DIRECTIONS -
With the pictures left out, reproduce exactly the lines running from the line with "Peinture, collage, dessin…" to the last line of the material below.

STORED DATA -

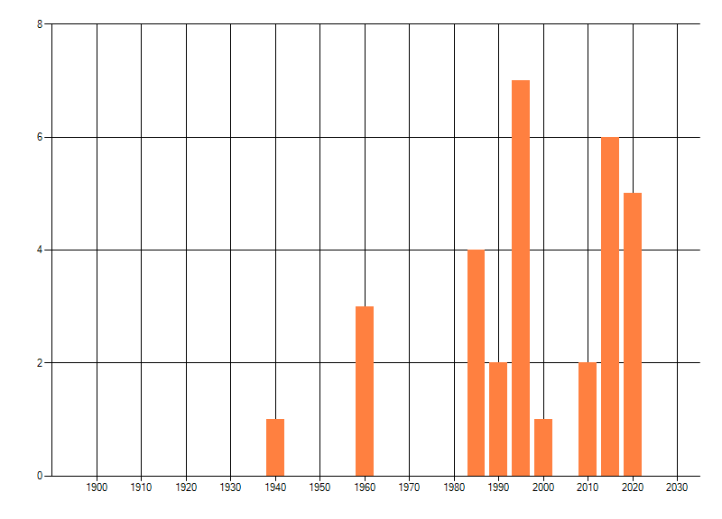 Het aantal atlasblokken (5x5 km) waarin de soort is gemeld binnen een periode van vijf jaar (vanaf 1980) of twintig jaar. Niet gecorrigeerd voor waarnemersinspanning en het aantal doorgegeven waarnemingen kan sterk variëren per periode, dus een trend in verspreiding kan hier niet direct uit worden afgelezen. Het opgegeven jaartal is het eerste jaar van de periode. Bron: gevalideerde waarnemingen uit de NDFF.
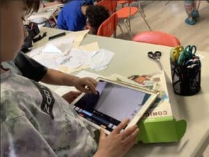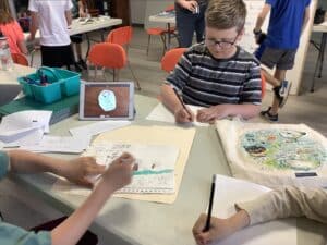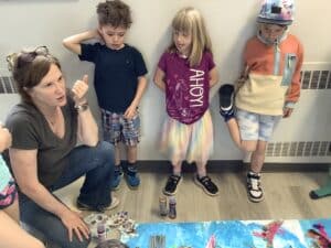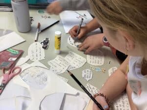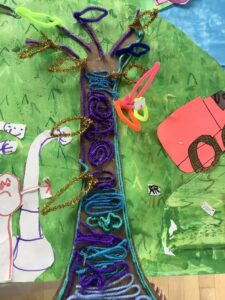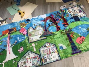 Peinture, collage, dessin… les enfants s’amusent tout en travaillant ensemble à une œuvre pleine de couleurs et d’imagination !
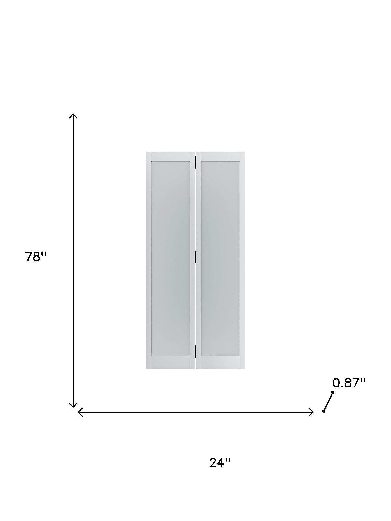 The set of two 78-inch white glass bi-fold door offers a sleek and modern touch to your living space. Crafted from high-quality glass, these doors provide an elegant solution for enhancing natural light flow. Their bi-fold design allows for easy operation and saves space, making them ideal for tight areas. The contemporary white finish complements a variety of decor styles, seamlessly integrating into any room. With a height of 78 inches, they are designed to fit standard openings while providing a stylish focal point. Upgrade your interiors with this versatile set that combines functionality and aesthetic appeal. Each door transforms the ambience, making your home feel more inviting and open. 78.00-inch h x 24.00-inch w x 0.87-inch d.

RESULT BELOW -
 Peinture, collage, dessin… les enfants s’amusent tout en travaillant ensemble à une œuvre pleine de couleurs et d’imagination !
 The set of two 78-inch white glass bi-fold door offers a sleek and modern touch to your living space. Crafted from high-quality glass, these doors provide an elegant solution for enhancing natural light flow. Their bi-fold design allows for easy operation and saves space, making them ideal for tight areas. The contemporary white finish complements a variety of decor styles, seamlessly integrating into any room. With a height of 78 inches, they are designed to fit standard openings while providing a stylish focal point. Upgrade your interiors with this versatile set that combines functionality and aesthetic appeal. Each door transforms the ambience, making your home feel more inviting and open. 78.00-inch h x 24.00-inch w x 0.87-inch d.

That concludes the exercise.